The Canadian musician supersizing Dumbarton FC Women: ‘The players are a megaphone for the team’

. UK edition

Dumbarton owner Mario Lapointe.
‘If I finish one day in a position where our athletes are being paid, that’s a win for me,’ says Dumbarton owner Mario Lapointe. Photograph: Courtesy of Dumbarton

Mario Lapointe became the unlikely owner of the Scottish club a year ago and his radical plans are taking shape at the Rock

“A lot of people ask me the same thing,” says a laughing Mario Lapointe, on how a Canadian songwriter and entrepreneur became owner of the Scottish lower league club Dumbarton 12 months ago. “When I was looking for a football club, this club kept calling me back – not literally.

“For example, I wrote a song in 1992 which had a lyric about sitting on the rock, and Dumbarton’s stadium is called the Rock. It’s also on the river and I wrote a lot of lyrics about rivers and ships, so it felt meant to be.”

Lapointe is at home in Quebec in a Dumbarton home shirt, but there was a deeper meaning behind a man, better known by his stage name Vintage, and who moved from music to engineering and back to music again, wanting to own a club he had no apparent physical connection with.

“Where it seemed to click for me was the club was about to go into liquidation,” he says. “Five years from now you’d have trees in the grounds and someone building houses on the land. The club had been going for 153 years and has tasted bad times because of bad people.

“I came in last summer, but discussions had started a few months earlier. The link between generations and the core values are important and in Scotland there’s a real passion for what the core values of Scotland are.”

He also has a plan to take the club forward, including its women’s team, which sits in the third-tier Scottish Women’s Football League Central-West, one of four regional divisions where the players are unpaid.

Lapointe, though, wants to ensure the women’s team get access to an equal split of what they bring into the club, with all games next season to be played at the Rock – which neighbours Dumbarton Castle and the River Clyde – for the first time “I looked at different sports and clubs … but we know what happens, as soon as something goes wrong it’s the women’s budget that gets cut.”

Dumbarton’s men’s side finished ninth of 10 in Scottish League Two this season after being deducted five points for entering administration prior to Lapointe’s takeover. “I had to find a different model. In my case, we are a League Two club, the players are not being paid right now, they rarely even have anything to cover their own expenses. My model is very simple. It’s not profit sharing, in football there is no such real thing as that, the wording is wrong; it’s revenue sharing, attributing 50% directly from gate sales and season ticket sales to the women’s team, not anywhere else.

“We’re going to the stadium for the first time so we can push the sponsors a little bit more to help cover travel etc, but we use it almost like all the players became a megaphone for the team.
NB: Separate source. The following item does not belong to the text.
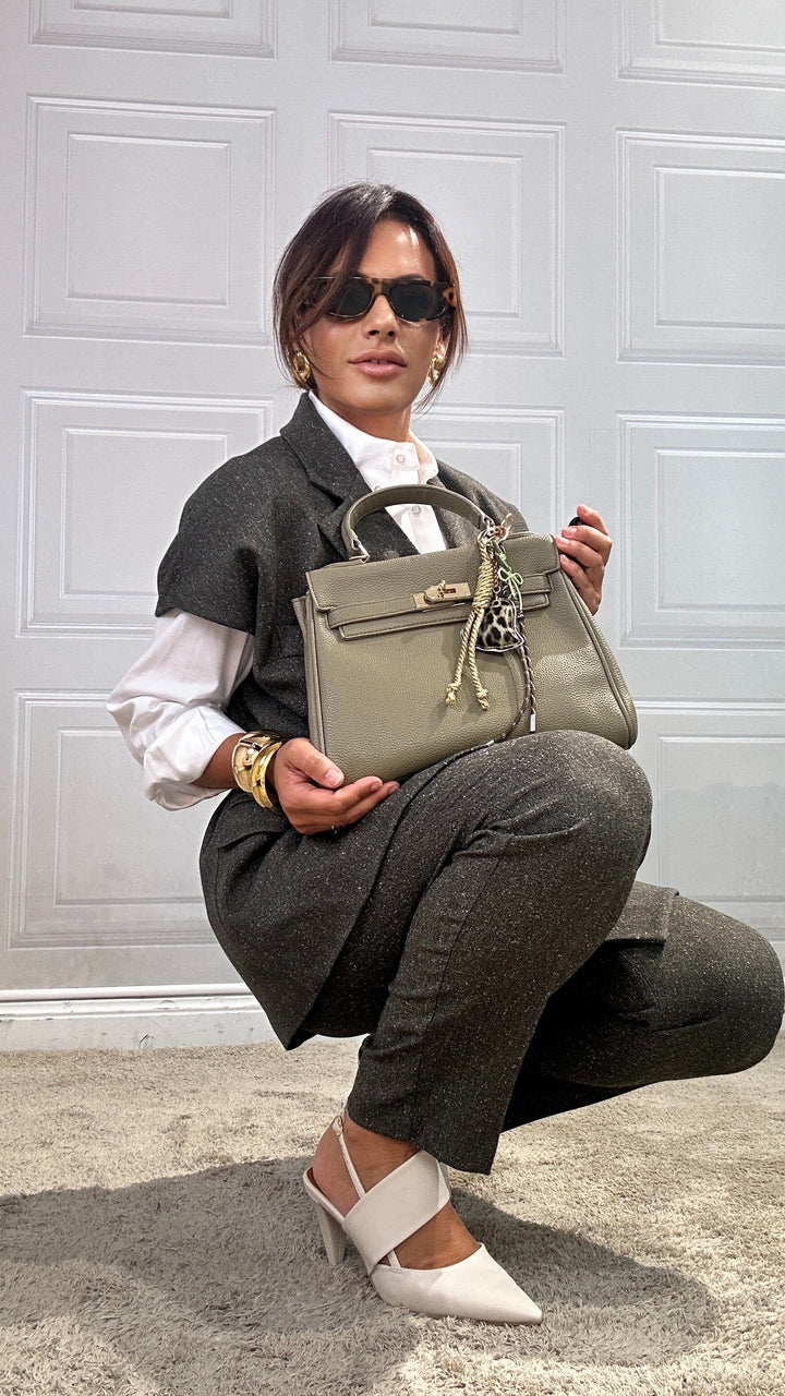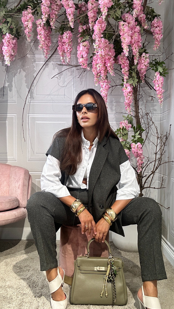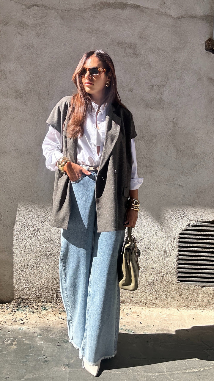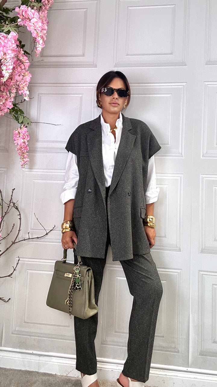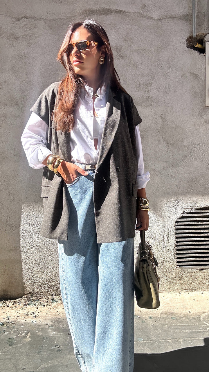 Abbinato a una camicia bianca e pantaloni coordinati, il gilet crea un look armonioso e versatile, perfetto per diverse occasioni, da eventi formali a incontri casual. L'outfit è completato con accessori come una borsa elegante e occhiali da sole, che aggiungono un ulteriore elemento di stile.

They have a hand in it now, if they can bring people in it helps them, it makes them money.”

During his year-long ownership, there are things he would like to have done differently, but is aware “nobody is going to change anything just for me”. But he believesthe game is missing out when it comes to attracting a core audience to games every weekend.

“The thing that doesn’t play well for me is games being played on a Sunday – it should be a Friday night. I’ve been doing one year of meetings and when I open my schedule nobody ever books Sunday because Sunday is family day, spending time with your wife and kids, going for a picnic. Now we’ll ask them to come to watch our women’s team on a Sunday. That is a change which will be hard, but I’d like to get more games on a Friday night. It’s like having a new product to push and putting it out the back of the store and not in the front window.”

While his background is in music, Lapointe is aware of the pros and cons of elite sport living in Canada, where the women’s team became Olympic champions in 2021. Other sports, particularly winter sports, have seen the country compete at the elite level and he believes there are elements from the North American culture he can apply to Dumbarton’s women’s team.

“Canada, at one point, was top five in women’s football. They didn’t go backwards, the other countries got better,” he says. ”Over here in North America, women’s football developed so much because of the NCAA. When I see that angle, I see the universities we have in Glasgow, how do we bring those students, both local and international, into our programme?”

On long-term aims, it is not just about reaching the top division, but creating a more professional environment. “If I finish one day in a position where our athletes are being paid, that’s a win for me, because there is no sport without athletes.

“I don’t think I should say in three years we want to be in the SWPL [Scottish Women’s Premier League]. We give them the environment and then it’s how we measure winning for us. For me, it’s giving them salaries, increasing the talent pool and only then starting to think about the teams and leagues above us.”